Two Natures in One Person: Understanding Chalcedon's Hypostatic Union

Rev. C•D•F• Warrington, M.Div.
By Rev. C•D•F• Warrington, M.Div.

Ordained Minister, M.Div.

May 23, 2026

2 min read

Oil painting depicting the divine and human nature of Christ as one luminous figure against a golden Byzantine background

The phrase 'hypostatic union' sounds technical, but it names something Christians have always implicitly believed: that Jesus is both fully God and fully man, and that these two complete realities are united in one personal identity. Chalcedon gave this conviction its permanent technical formulation.

What 'Hypostatic' Means

Hypostasis is the Greek term for a concrete, particular subsistence—a 'this' rather than a 'what.' In the Chalcedonian framework, the divine and human natures are united in one hypostasis: the eternal person of the Son of God. The human nature the Son assumed at the Incarnation has no independent personal identity of its own; it exists as the humanity of this particular divine person.

Why One Person Matters

The personal unity is not a technicality. It means that when Jesus wept at Lazarus' tomb, God wept. When Jesus died on the cross, it was the death of a divine person—which gives that death its infinite value. When the risen Christ ascended, a human body took its place in the presence of the Father. None of this is coherent if the divine and human are merely associated rather than personally united.

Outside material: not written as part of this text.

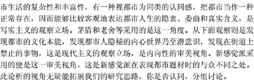 5.分析老舍小说中“市民世界”的人物形象构成,阅读研究文献,理解其创作的文化批判视野。

The Asymmetry of the Union

One important asymmetry: the person who assumed human nature is the eternal Son, not a new person created by combining divinity and humanity. The Son did not become personal at the Incarnation—He has always been a person within the Trinity. At the Incarnation, He took humanity into His already-existing personal identity. This is why Chalcedon's framework is called 'anhypostasia' of the human nature—the human nature has its personal existence in the divine person of the Son.

Frequently Asked Questions

What is the hypostatic union?

The hypostatic union is the theological term for the union of Christ's two natures — divine and human — in one person (hypostasis). Defined at the Council of Chalcedon in 451 AD, it holds that Jesus Christ is fully divine and fully human, with both natures united in one person without confusion, change, division, or separation.

Why did the church need to define the hypostatic union?

Two competing heresies made precision necessary. Nestorianism tended to separate Christ's natures so completely that it seemed to posit two persons. Eutychianism merged the natures so completely that Christ's humanity was absorbed into his divinity. Chalcedon defined the union in terms that affirmed both natures fully while insisting on the unity of his person.

What do the four adverbs of Chalcedon mean?

The Council of Chalcedon defined that Christ's two natures exist 'without confusion, without change, without division, without separation.' The first two ('without confusion, without change') rule out blending the natures together. The last two ('without division, without separation') rule out splitting them apart into two separate persons. Together they define the boundaries of orthodox Christology.

Is the hypostatic union still the standard of Christian orthodoxy today?

Yes. The Chalcedonian definition of Christ's person is accepted as authoritative by Roman Catholic, Eastern Orthodox, and most Protestant churches. It remains the benchmark for evaluating Christological claims: any account of Jesus that denies either his full divinity or his full humanity falls outside the bounds of historic Christian orthodoxy.